A couple of days ago the Dallas, Texas-based prison technology company Securus made headlines for assisting the Police in the United States to perform real-time cell phone tracking of mobile users in the country.
Now, reportedly, Securus has suffered a data breach in which an unknown hacker has stolen its data. The hacker managed to steal login credentials of 2,800 customers including usernames, emails, poorly hashed passwords, phone number, and security questions.
Although we at HackRead cannot confirm the breach on our behalf, Joseph Cox of Motherboard, on the other hand, was in contact with the hacker who shared a sample data with the website. The data was then tested and confirmed legit by Cox – This means Securus has been pwned.
Moreover, a quick analysis of the stolen data has revealed that it contains information from 2011 forward while the impacted customers include city police and sheriff departments from Indianapolis, Phoenix, and Minneapolis.
For those who are unaware of how Securus works, it is a prison telecom firm that helps law enforcement monitor the majority of cell phones in the US. By using the web interface that leverages its location API, Securus is able to successfully access cell-site databases in real-time. These records are then used to obtain cell phone data to enable tracking.
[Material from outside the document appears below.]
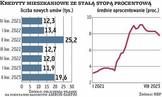 W zupełnie innej sytuacji są ci, którzy zdecydowali się na kredyt mieszkaniowy z okresowo (zwykle na pięć lat) stałą stopą procentową. W tym przypadku, niezależnie od ruchów WIBOR, miesięczna rata nie drgnie ani o złotówkę. Dla tych osób, które zaciągnęły kredyt na tzw. górce, obniżki stóp procentowych to raczej źródło rosnącej frustracji i poczucia, że „przepłacają” za swój kredyt. Tym bardziej że zgodnie z rekomendacją Komisji Nadzoru Finansowego takich kredytów nie można zamienić na te ze zmiennym oprocentowaniem w okresie, gdy obowiązuje stała stopa.
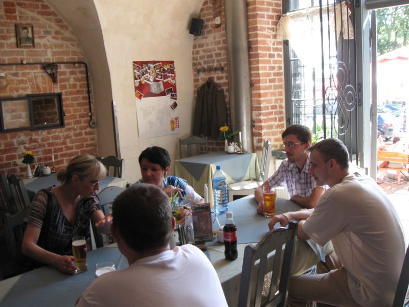 Powrót z powrotem do wozów i drugi spacer w dół (patrząc na mapę ) - w dół nad Wisłę w lewo do bramy Ostrołęckiej - tam piwko i kola (prawy narożnik żółtej trasy ) - następnie lekko pod górkę schodami i marsz wzdłuż najdłuższego budynku w Europie - czyli budynek koszar - budynek ma 2800 m .

George Avetisov, CEO of HYPR, commented on the issue and said that, “There is an expectation they are sharing data but not with explicit disclosure that there is risk or that the data are used by third parties and this is exactly why sensitive data belongs in the hands of those to whom it belongs: its owners. This is yet another example of how centralization of data inevitably results in unauthorized access due to hacking or accidental loss.”
Travis Jarae, CEO of OWI, said that “the Securus hack once again shows that people are focused solely on results and not on the vulnerabilities of the technologies used to produce them. In front of the Supreme Court right now is the case of Carpenter v. U.S., which is exploring the constitutionality of police officers working with third-parties to obtain mobile location data without a warrant. It will be interesting to see the impact this latest news about Securus plays in the outcome, expected later this summer.”
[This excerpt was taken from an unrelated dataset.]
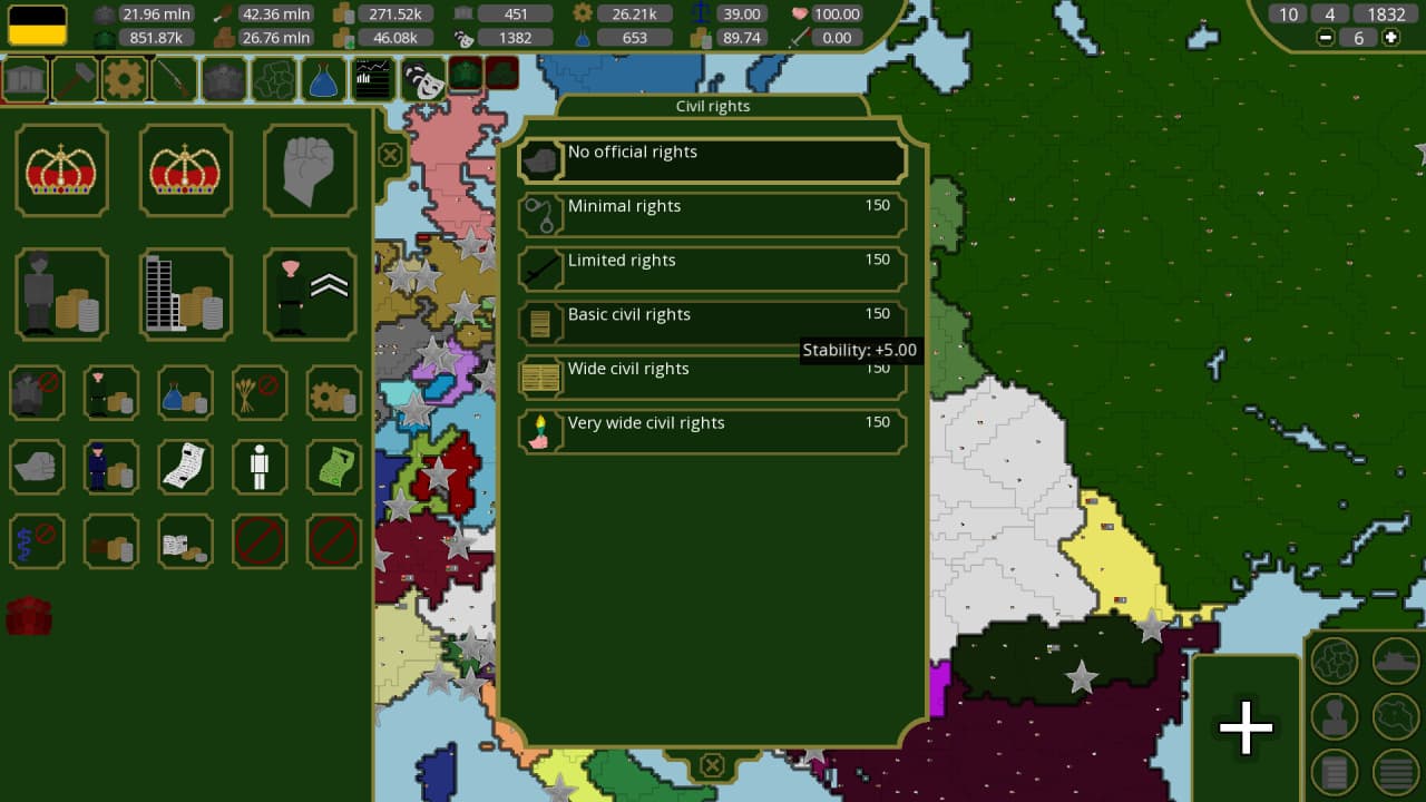 Фундаментом любого сильного государства является стабильность внутри страны. Ключевая задача правителя — обеспечение населения продовольствием, товарами и чувством безопасности, поскольку пренебрежение этими факторами неминуемо ведет к коллапсу. Проект Nations ставит перед руководителем выбор между концентрацией на внутреннем развитии или на расширении территориального влияния. Для достижения процветания доступен широкий спектр инструментов, позволяющий:

This is not the first time when a firm making recent headline has been hacked a few days after. Previously, the Israeli smartphone cracking firm Cellebrite was hackeddays after news about its capabilities went public. In the attack, hackers leaked 800 GB of the firm’s data which confirmed its in-house hacking capabilities.
In March this year, a US-based firm Grayshift announced it created a tool called GrayKey which can crack any iPhone including iPhone 8 and iPhone X. One of its customers even bought the GrayKey device for $15,000, however on April 26th, 2018 GrayShift reportedly suffered a data breach after its code was stolen and extorted by unknown malicious hackers.